Previously, we showed that SC1 controls cellular proliferation by down-regulating promitotic genes, e.g., cycB was one of the transcriptional targets of SC1-mediated repression (33). Therefore, we considered the possibility that the SC1-PRMT5 complex might regulate the timing of neurogenesis in developing NSCs in part by regulating their cell cycle parameters. We investigated whether SC1-PRMT5 might regulate the transcription of genes that control mitotic progression. To address this, we overexpressed full-length mycSC1 and mycSC1dNH proteins in P19 embryonal carcinoma cells. P19 cells were chosen because they can be differentiated into neural lineages under defined culture conditions (42) and are easily transfected to high efficiency. 48 h after transfection, we performed RT-PCR on mRNA isolated from P19 cells transfected with mycSC1, mycSC1dNH, or Myc vector alone and measured the expression of mitotic genes, cycB and Bub1b. We found that overexpression of full-length mycSC1, but not mycSC1dNH, led to a repression of both cycB and Bub1b (Fig. 6B).
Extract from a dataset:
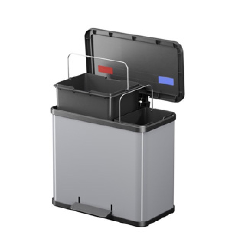 De Hailo Pedaalemmer in metallic grijs is een moderne en duurzame oplossing voor afvalbeheer in uw huis. Deze stijlvolle prullenbak is vervaardigd uit robuuste metalen materialen en beschikt over een gebruiksvriendelijk kunststof deksel. Met twee uitneembare binnenemmers is deze pedaalemmer perfect voor gescheiden afvalinzameling. Het "Soft Close" sluitmechanisme zorgt voor een stille afsluiting, zodat u ongestoord kunt genieten van uw ruimte. Dankzij de praktische afmetingen en eco-vriendelijke materialen is deze pedaalemmer niet alleen functioneel, maar ook een stijlvolle aanvulling op elke keuken of andere ruimte.

We conclude that SC1 in complex with PRMT5 down-regulates expression of certain promitotic genes, e.g., cycB and Bub1b. To test whether knockdown of SC1 leads to an increase in the mRNA expression of these genes, we performed RT-PCR using total RNA isolated from PC12 cells transfected with SC1siRNA or control siRNA. PC12 cells were used because they can be transfected to a high level easily, differentiate into neurons upon treatment with NGF and are of rat origin allowing the use of SC1siRNA used in previous experiments with the rat NSCs. We detected an increase in the levels of cycB and Bub1b mRNA after SC1 knockdown but not when control siRNA was used (Fig. 6C), indicating that SC1 is involved in negatively regulating the expression of these genes.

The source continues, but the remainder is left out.